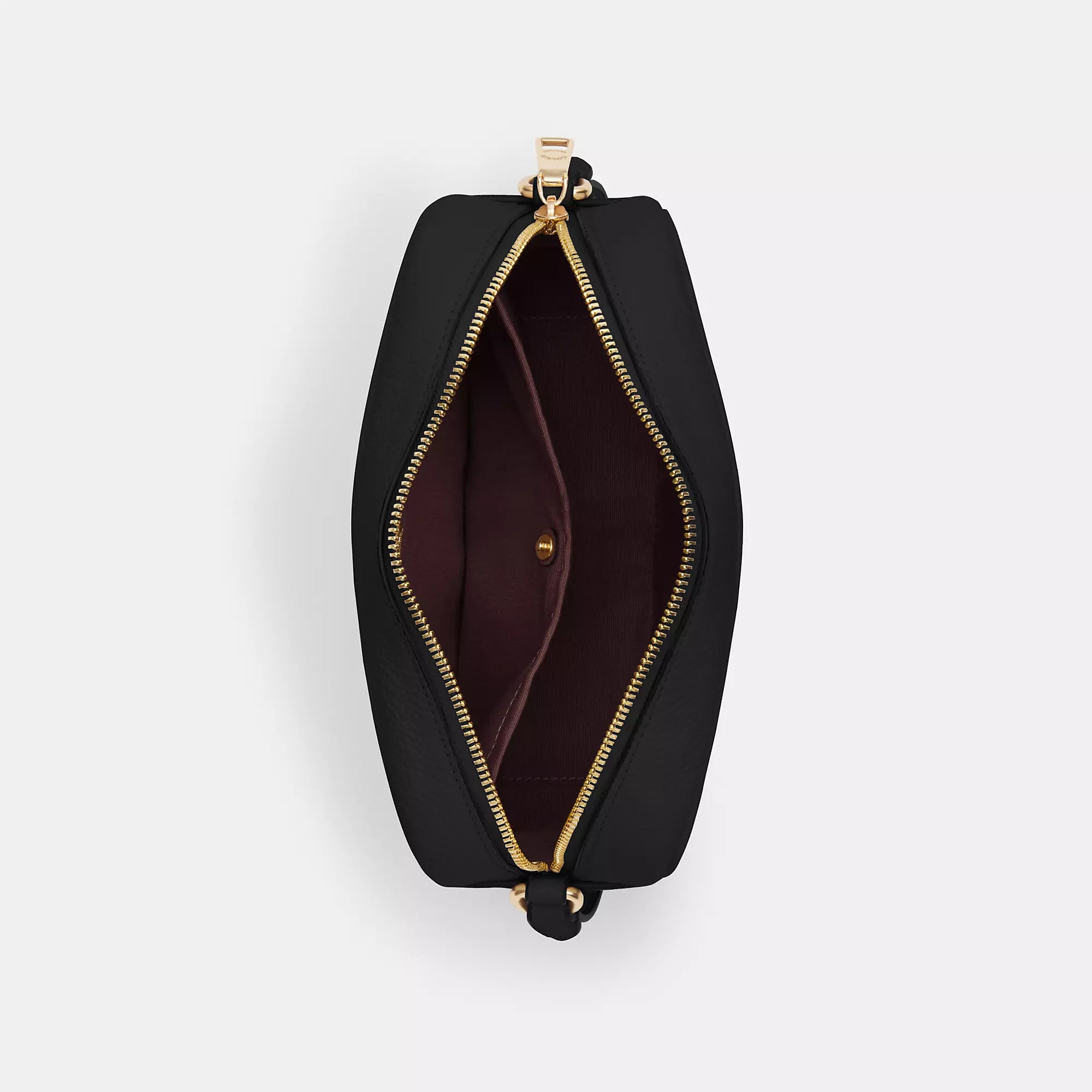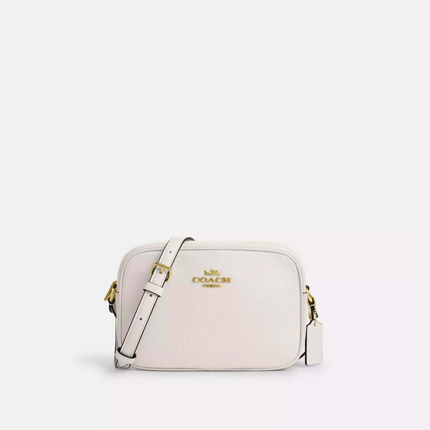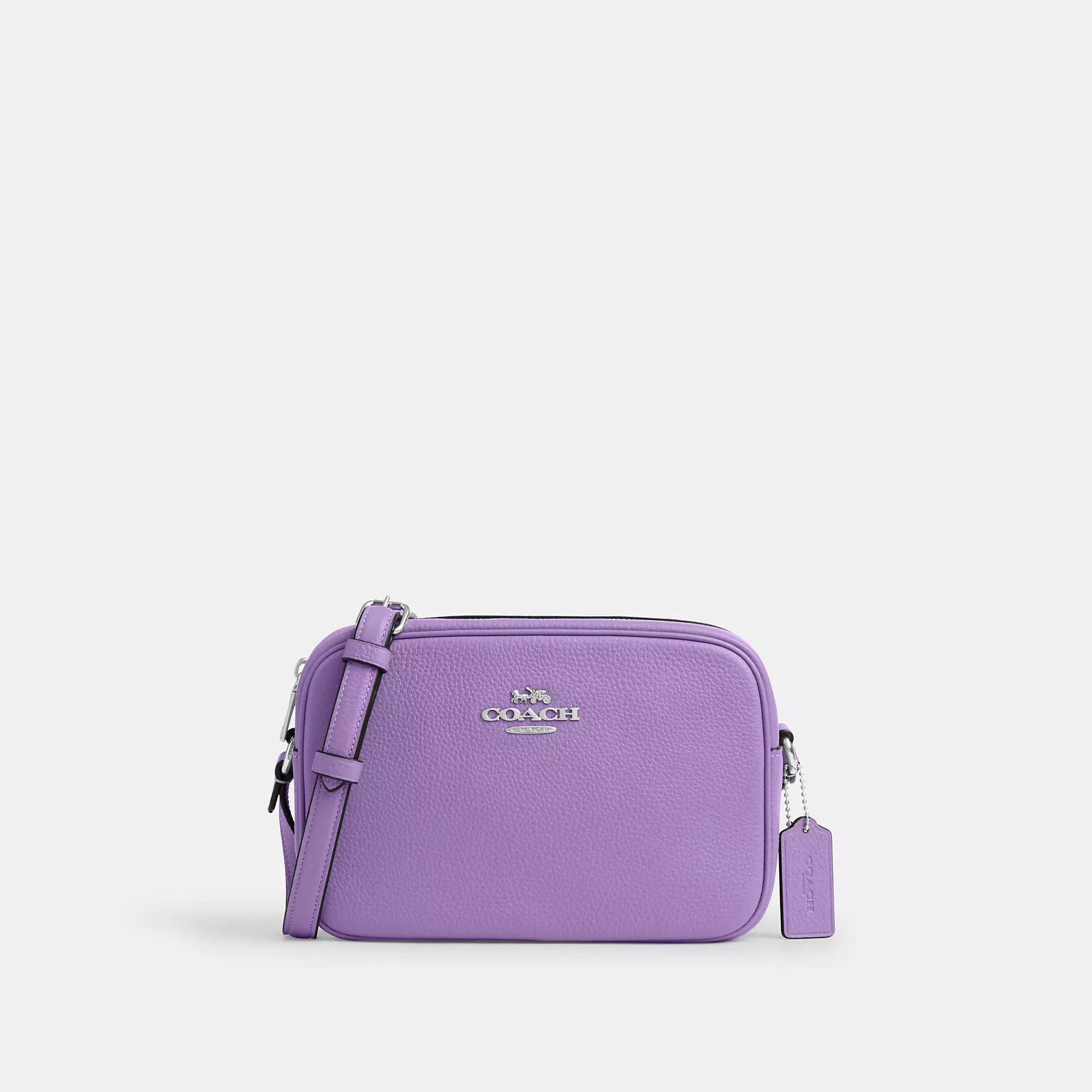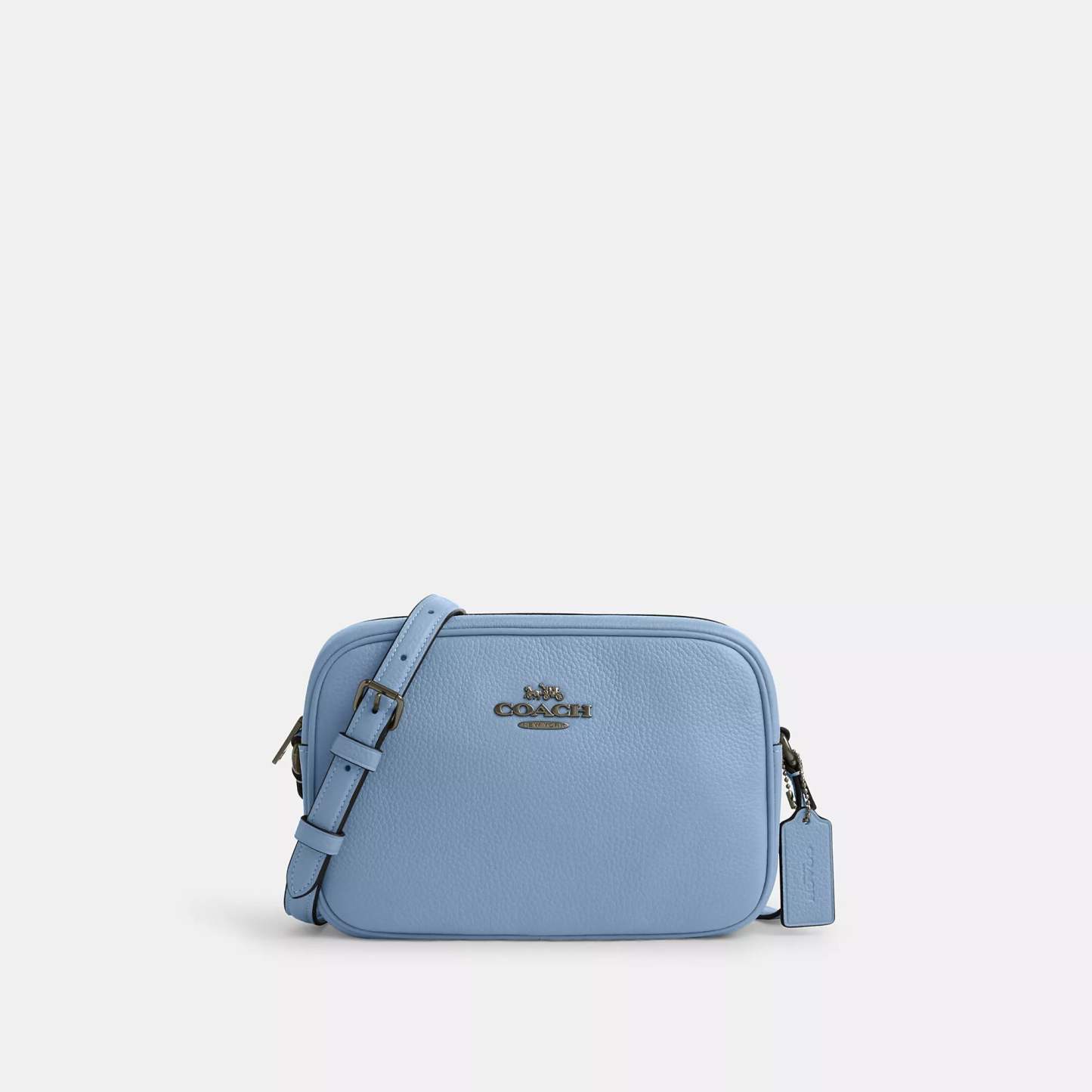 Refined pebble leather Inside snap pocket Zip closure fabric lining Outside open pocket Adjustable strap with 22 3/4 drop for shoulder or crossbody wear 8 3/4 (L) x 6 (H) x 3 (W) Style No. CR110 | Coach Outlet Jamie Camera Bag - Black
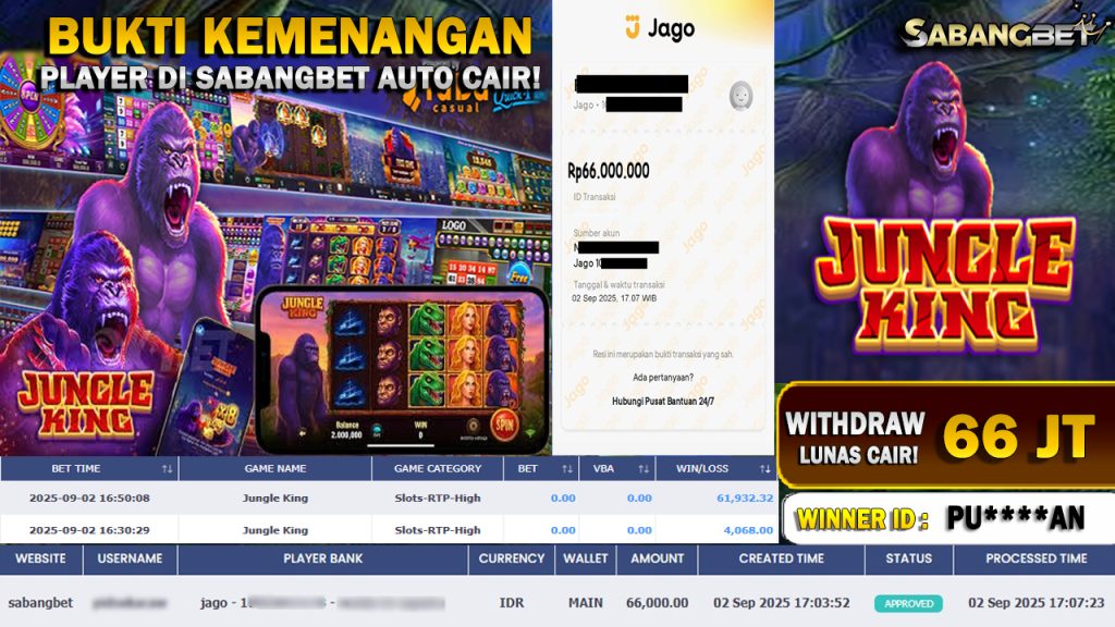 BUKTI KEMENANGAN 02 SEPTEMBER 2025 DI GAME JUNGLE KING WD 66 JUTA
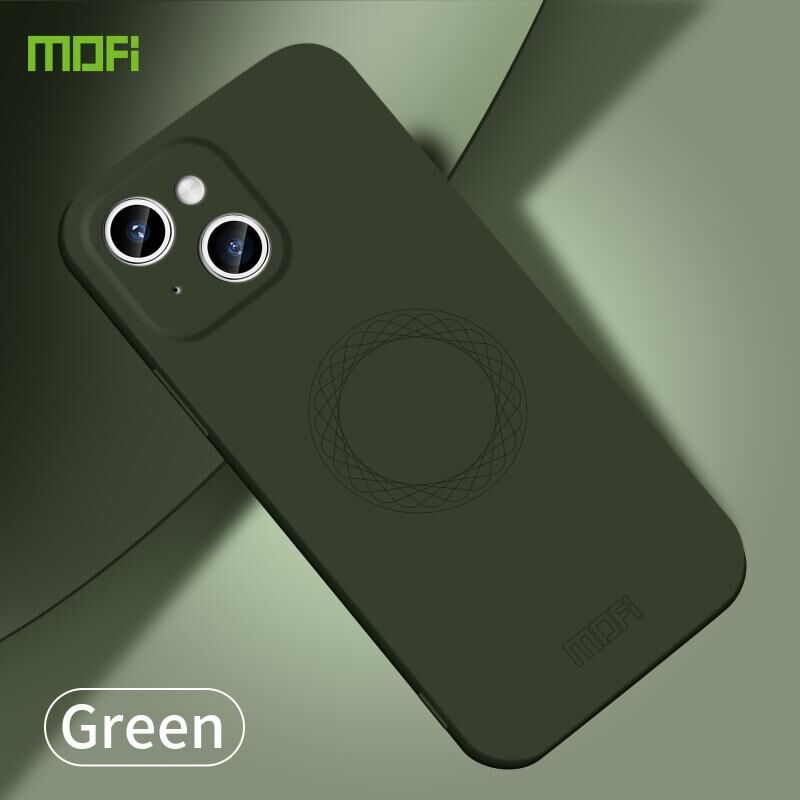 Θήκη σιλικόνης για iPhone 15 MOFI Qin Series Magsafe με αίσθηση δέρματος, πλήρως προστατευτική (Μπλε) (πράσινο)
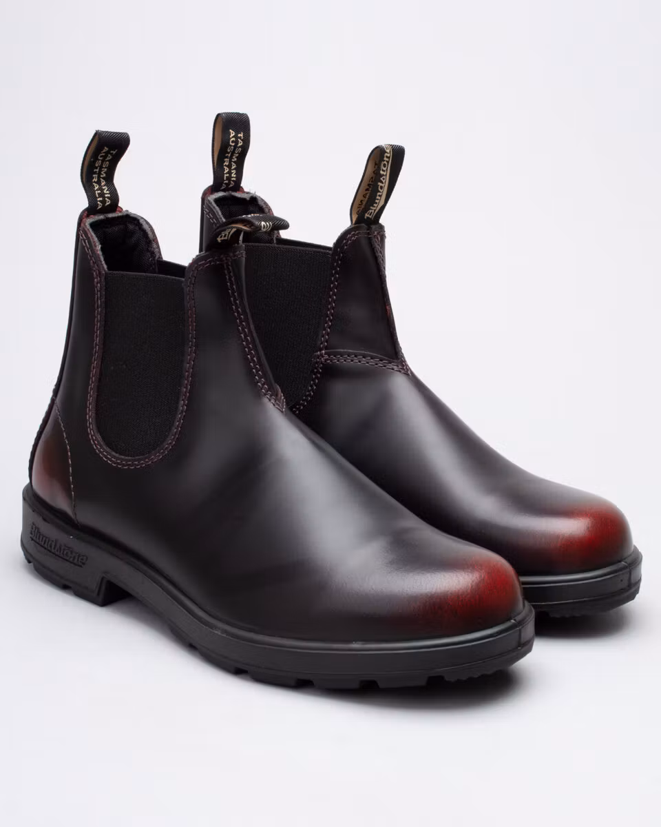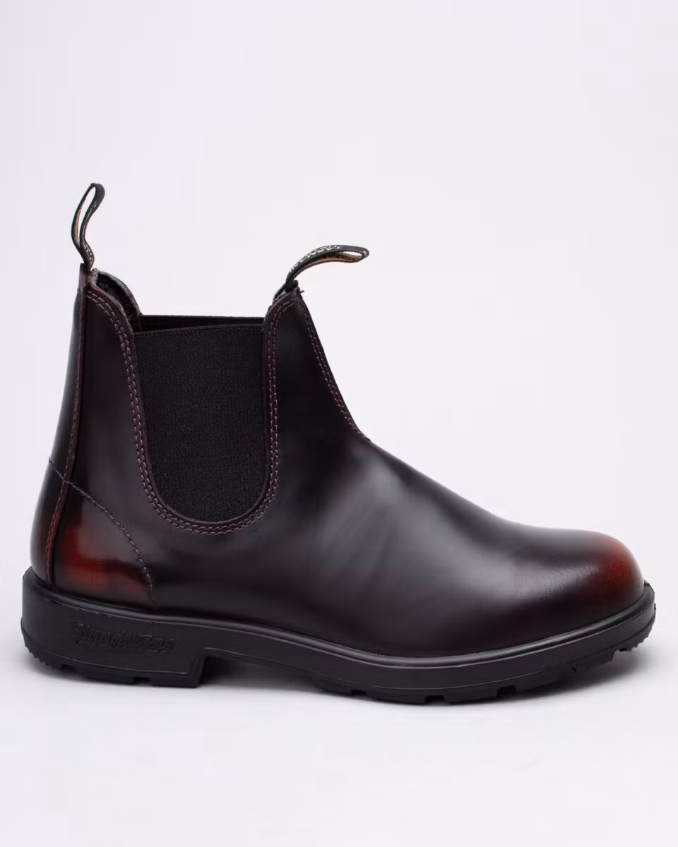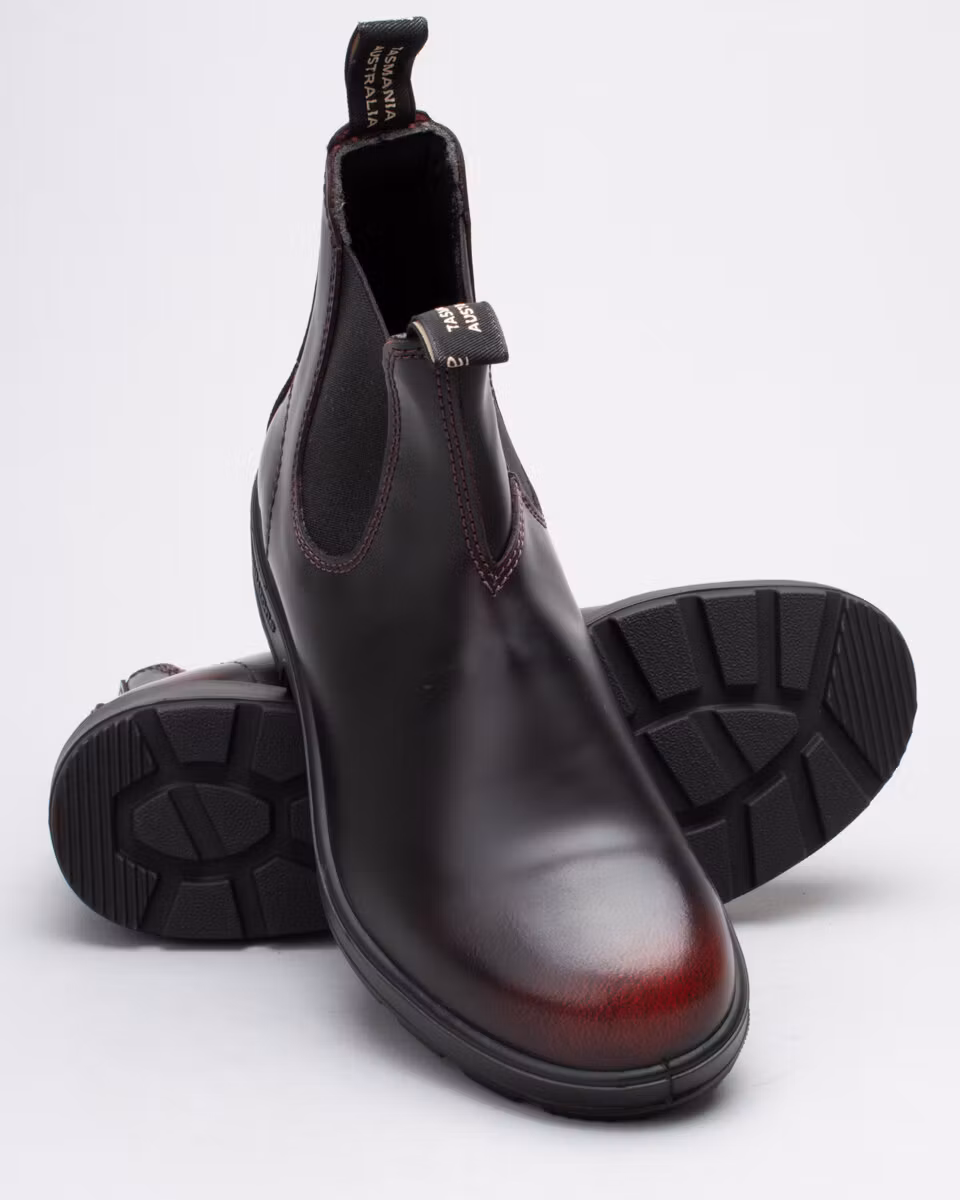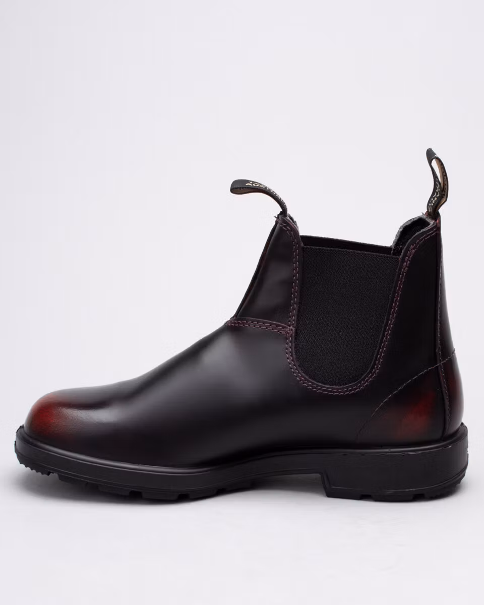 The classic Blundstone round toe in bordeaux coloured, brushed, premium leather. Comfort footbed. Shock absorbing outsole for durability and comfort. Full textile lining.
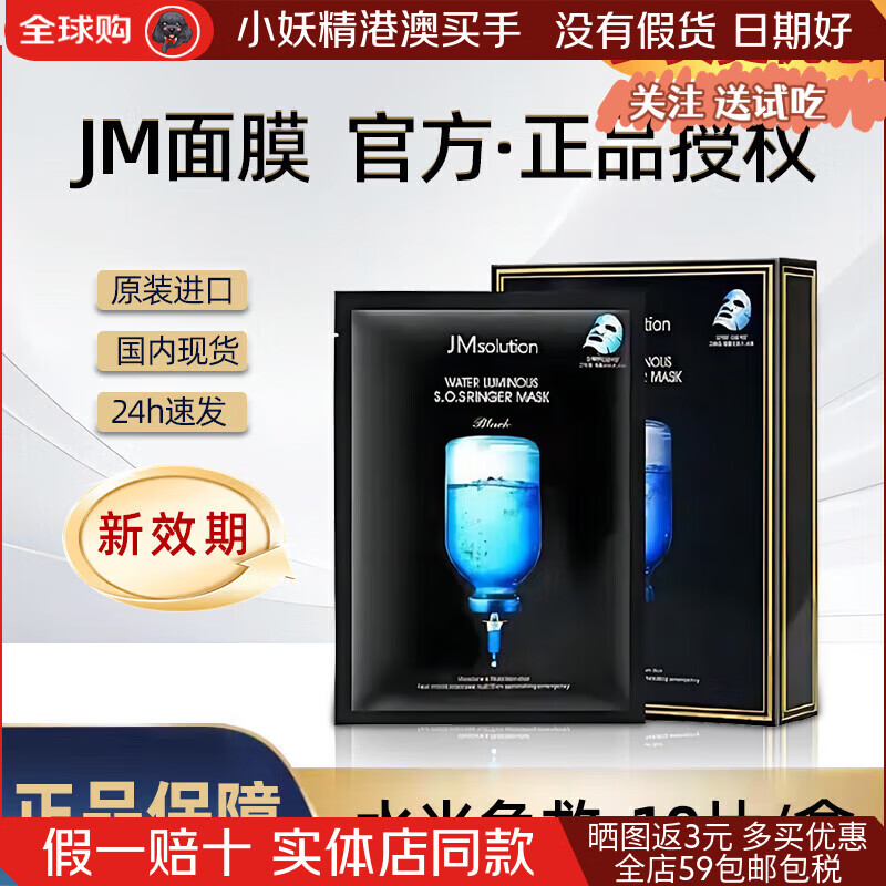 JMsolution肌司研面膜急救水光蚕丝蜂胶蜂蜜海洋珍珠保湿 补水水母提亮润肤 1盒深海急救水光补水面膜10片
▬▬▬
Task to complete:
Every line from the one holding "BUKTI KEMENANGAN 02" through the final line of the data above is to be reproduced exactly, both ends included, with the pictures left out.

Solution to this exercise:
 BUKTI KEMENANGAN 02 SEPTEMBER 2025 DI GAME JUNGLE KING WD 66 JUTA
 Θήκη σιλικόνης για iPhone 15 MOFI Qin Series Magsafe με αίσθηση δέρματος, πλήρως προστατευτική (Μπλε) (πράσινο)
 The classic Blundstone round toe in bordeaux coloured, brushed, premium leather. Comfort footbed. Shock absorbing outsole for durability and comfort. Full textile lining.
 JMsolution肌司研面膜急救水光蚕丝蜂胶蜂蜜海洋珍珠保湿 补水水母提亮润肤 1盒深海急救水光补水面膜10片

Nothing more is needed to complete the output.